I will add it to the numpy 100 problems.
Nicolas
On 07 Aug 2014, at 13:31, Stéfan van der Walt < [hidden email]> wrote:
> Hi Nicolas
>
> On Thu, Aug 7, 2014 at 1:16 PM, Nicolas P. Rougier
> < [hidden email]> wrote:
>> Here is a small example:
>>
>> Z = [(0,0), (1,1), (2,2), (3,3), (4,4))
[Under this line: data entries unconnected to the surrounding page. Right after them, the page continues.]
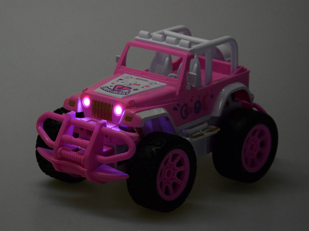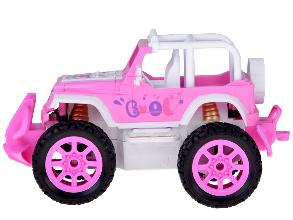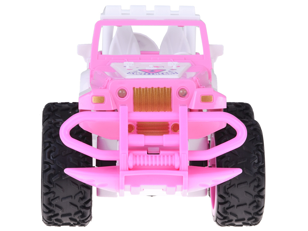 Śliczny różowy terenowy Jeep zapewni mnóstwo radości i stanie się niezastąpionym środkiem transportu dla małych zabawek Twojej pociechy. Idealny pomysł na prezent!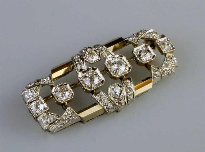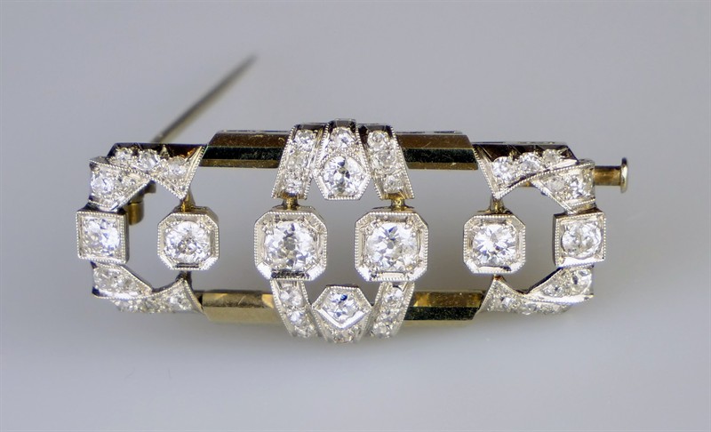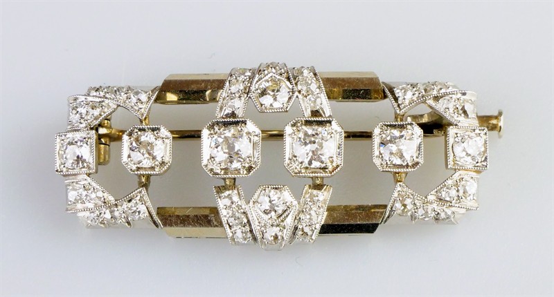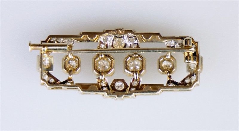 Půvabná stylová art-deco brož z bílého zlata s diamanty. 12 x diamant starého briliantového brusu, 30 x diamant jednoduchého brusu, celkem 1,52 ct diamantů dobré až střední kvality. Celková hmotnost 9,14 g, Au 585/1000, punc lev (Z – 45), značka výrobce RR v kartuši, odborný posudek. Republika Československá, 30. léta 20. století. Délka 4,06 cm, šířka 1,79 cm.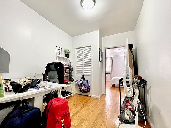 This recently renovated 1 bed features hardwood floors and sunlight throughout, a large eat-in-kitchen with dishwasher, spacious living room, renovated bath, a king sized bedroom with separate entrance, and a smaller room that is perfect for a home office/ studio. Please note, the apartment is currently tenant occupied.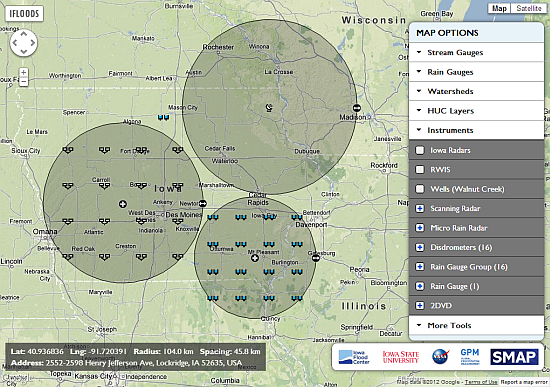 A web-based interface is developed for positioning radars and rainfall instruments with adjustable range and location, watersheds, and rich spatial layers on a map interface.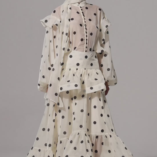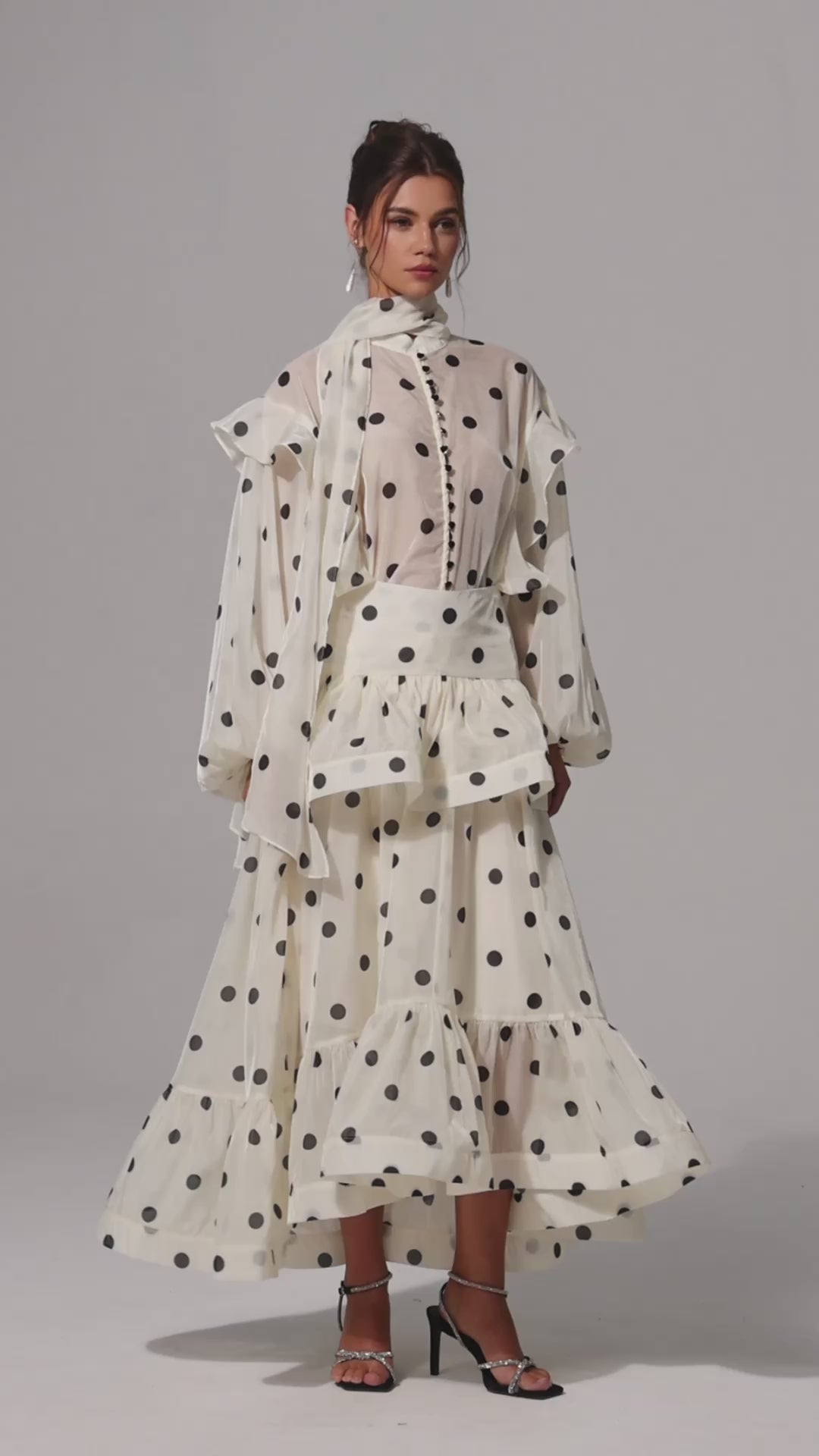 Rode Nokta Baskılı Katlı Uzun Kollu Üst ve Etek İki Parçalı Takım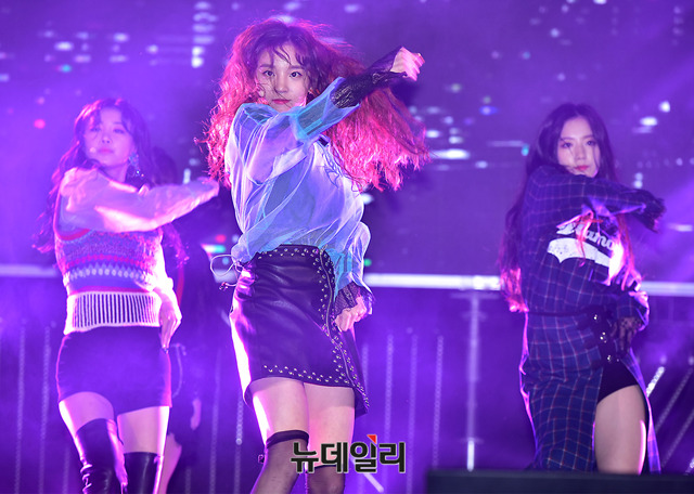 신인 걸그룹 (여자)아이들의 멤버 우기가 2일 오후 서울 용산구 블루스퀘어 아이마켓홀에서 열린 데뷔 쇼케이스에서 포인트 안무를 선보이고 있다.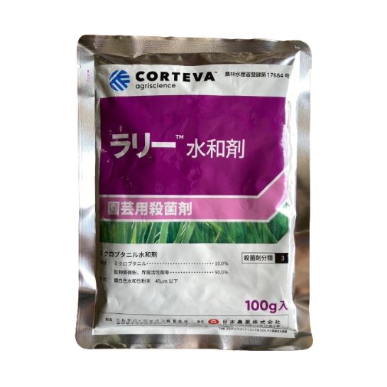 【ネコポス(メール便)のご利用について】■購入手続き画面で配送方法を「追跡可能メール便(ヤマト運輸)」にご選択ください。 ■当店では宅配便とネコポス(メール便)で発送しており、指定が無い場合は宅配便発送となります。 ■商品名に「ネコポス対応可能」と記載のある同一商品で、「〇個まで」の数量内であればネコポスで発送が可能です。(数量制限が無い商品もございます。) ■ご注文品にネコポス対応可能でない商品を含む場合や規定数量以上の場合は宅配便での発送となります。送料がかかる場合は改めてメールでご連絡いたします。 ■ネコポスは、配達日時をご指定いただけません。また、ポストへの投函となりますので、万が一、盗難や紛失、破損等に遭われた場合には、一切の保証は致しかねますので予めご了承くださいませ。 ※詳細は「配送について」をご確認ください。特長 ●幅広い病害に有効で、りんごでは黒星病、うどんこ病、赤星病、なしでは黒星病、赤星病の同時防除ができます。 ●多くの薬剤と混用事例があります。 ●治療効果と予防効果に優れています。 ●浸透移行性に優れています。 ●耐雨性に優れています。 ●残効性に優れています。高い残効性を示します。このため散布間隔にゆとりが持てます。 ●ガス効果があります。 ●耐性菌に対しても有効です。 ●ミツバチ、カイコや他の有用昆虫に対する影響はほとんどありません。 ●花粉に対しても安全です。 ●人畜に対する毒性が低く安心して使用できます。 商品名 ラリー水和剤 分類 殺菌剤 有効成分 ミクロブタニル・・・10.0% 毒性 普通物 内容量 100g 適用作物名 あさつき、いちご、いちじく、おうとう、かき、かぼちゃ、ぎぼうし、きゅうり、さやえんどう、すいか、たばこ、茶、とうがらし類、なし、なす、ねぎ、ピーマン、実えんどう、未成熟ささげ、メロン、もも、らっきょう、りんご、わけぎ、トマト、ミニトマト、アスパラガス、西洋芝(バーミューダグラス,ブルーグラス,ベントグラス)、日本芝 適用病害虫・雑草 さび病、うどんこ病、灰星病、網もち病、炭疽病、もち病、斑点病、黒星病、赤星病、すすかび病、斑点落葉病、葉かび病、褐斑病、茎枯病、ヘルミントスポリウム葉枯病、ダラースポット病、炭疽病、カーブラリア葉枯病 関連品 → ラリー水和剤 250g 注意事項 ※製品のラベルには適用病害虫の範囲及び使用方法、効果・薬害・安全上の注意などが記載されております。よくお読みいただいて、適切な方法でご使用ください。 ※パッケージは予告無しに変更になる場合がございます。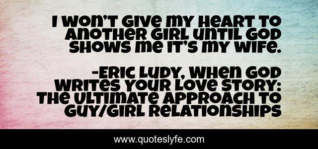 This page presents the quote "I won’t give my heart to another girl until God shows me it’s my wife.". Author of this quote is Eric Ludy, When God Writes Your Love Story: The Ultimate Approach to Guy/Girl Relationships. This quote is about courtship, engagement, marriage, dating, christian-dating,.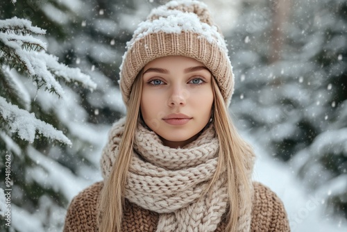 Young Woman Winter Portrait in Snowy Outdoor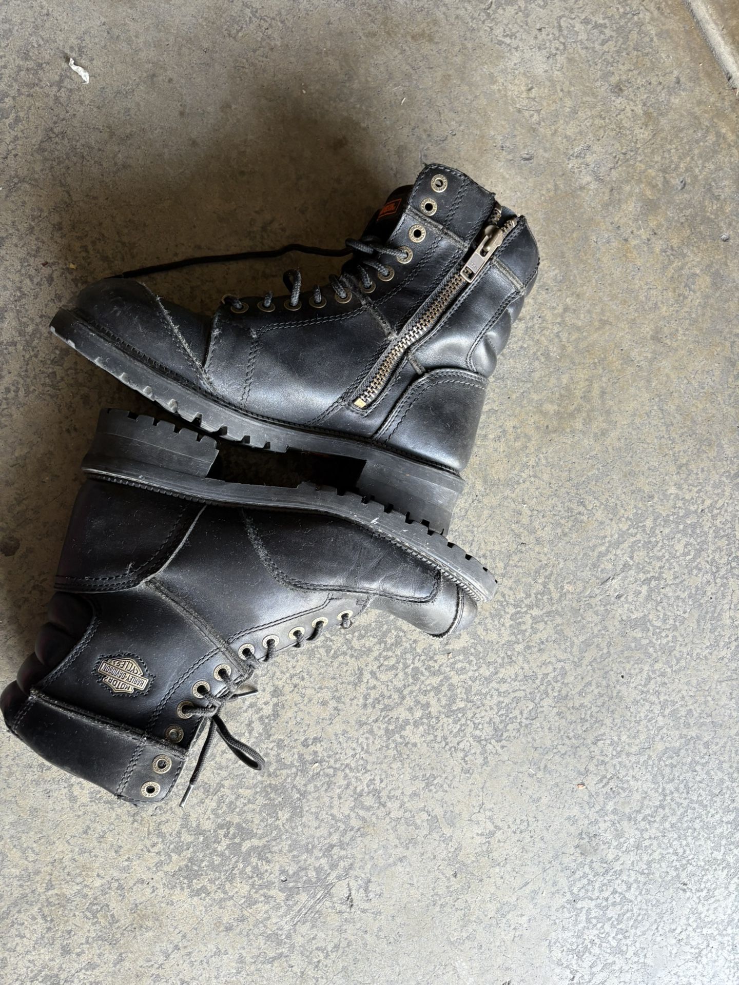 The boots in the image are Harley-Davidson Men's Bill Steel Toe boots.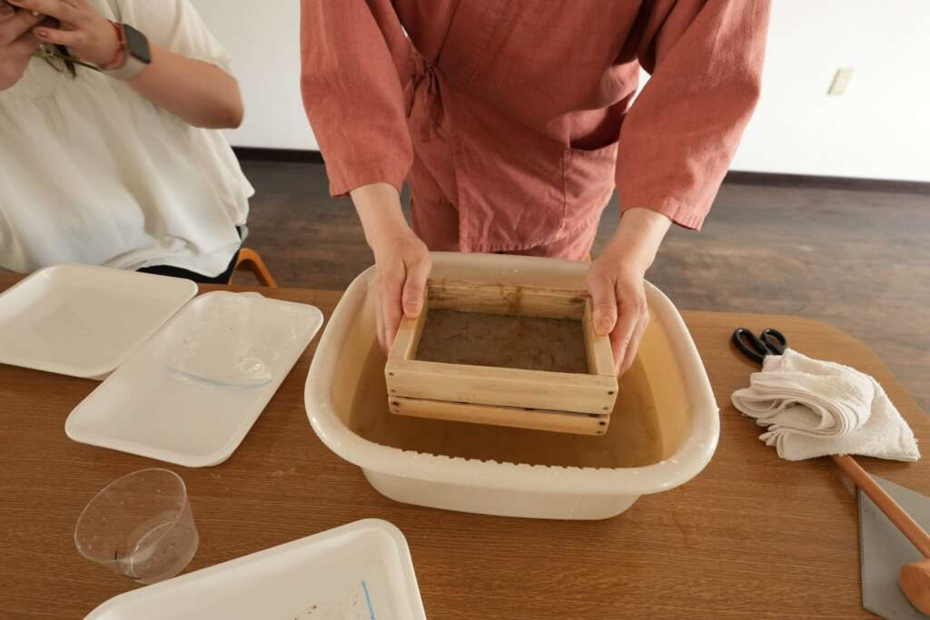 在兩小時內製作兩張明信片大小的和紙,製作的和紙可以帶回家作為紀念品。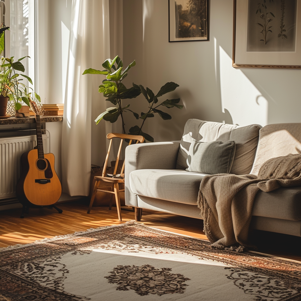 Remove books and knick-knacks from shelves, wipe surfaces with a damp cloth, and consider donating items you no longer use. Vacuum thoroughly to keep rugs clean and free of allergens and dust. For stained carpets or rugs, consider professional cleaning annually to maintain freshness.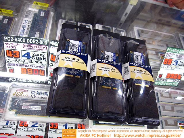 ![]() | AKIBA PC Hotline! 2009年6月6日号 ネットブック向けSSDの高速版登場、リード150MB/sなど 今週見つけた新製品:ハードディスク Super Talent FPM16GLSE Super Talent FPM32GLSE Super Talent FPM64GLSE |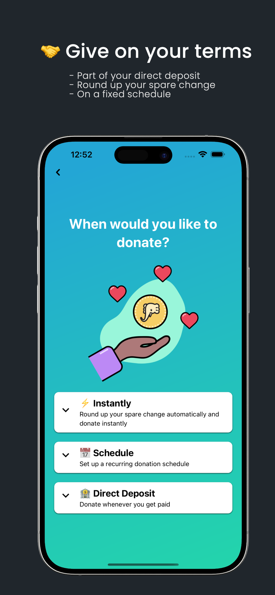 - Give you confidence your money is going to a good cause: we personally vet each non-profit we put on our platform. And we surface how we made our decision for each charity we chose. And if there’s a particular charity you’d like to donate your spare change to - that works too! We’ll show you the information we have, and let you make a decision.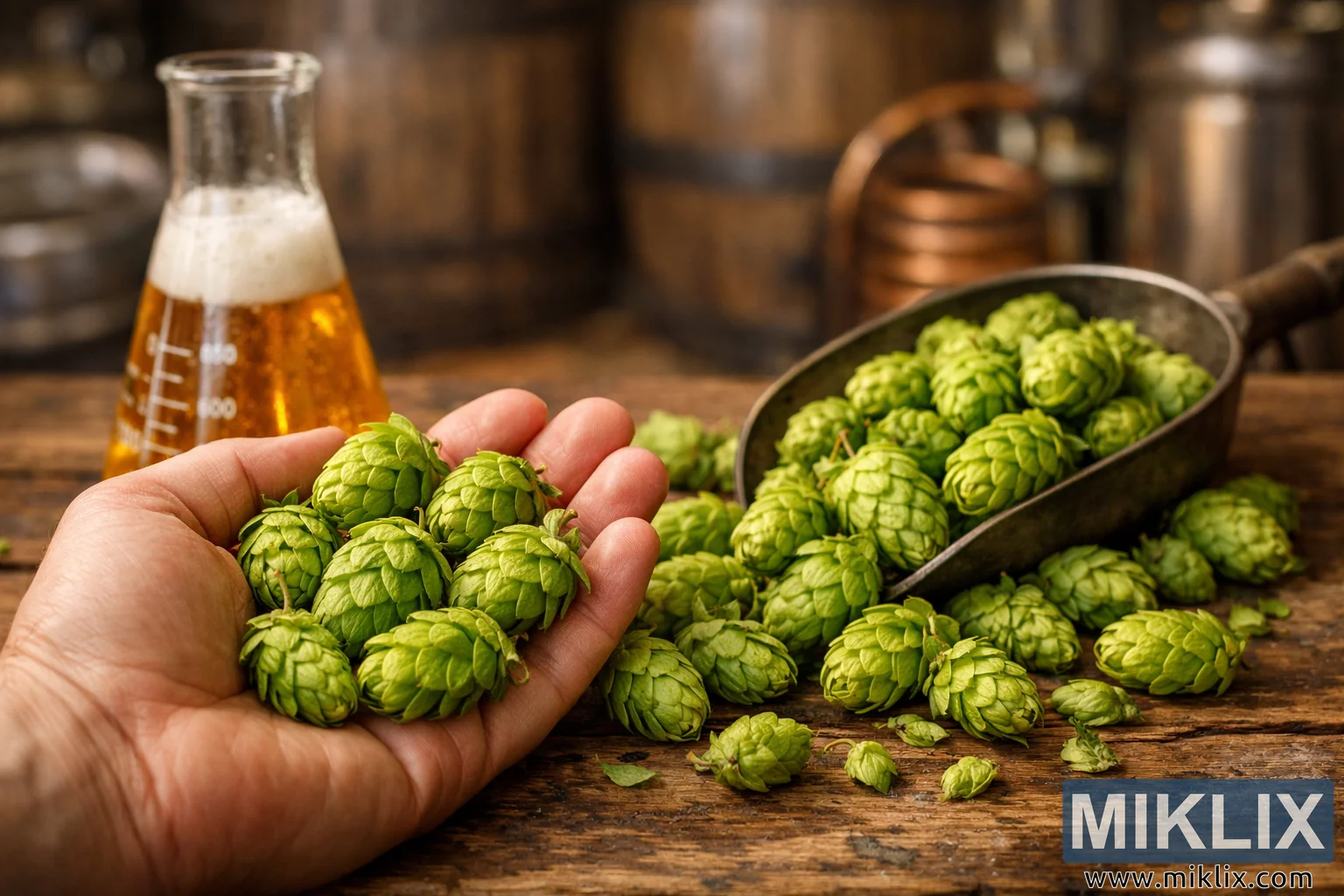 Image: Fresh Hüller Bitterer Hops in Hand on Rustic Brewery Table

>> I = [0, 20, 23, 24, 37]
>>
>> S = [ 20,20,0,24]
>> > Result should be [(1,1), (1,1), (0,0),(3,3)]
>>
>> S = [15,15]
>> > Wrong (15 not in I) but ideally, I would like this to be converted to [(0,0), (0,0)]
>
> First try:
>
> Z = np.array([(0,0), (1,1), (2,2), (3,3), (4,4)])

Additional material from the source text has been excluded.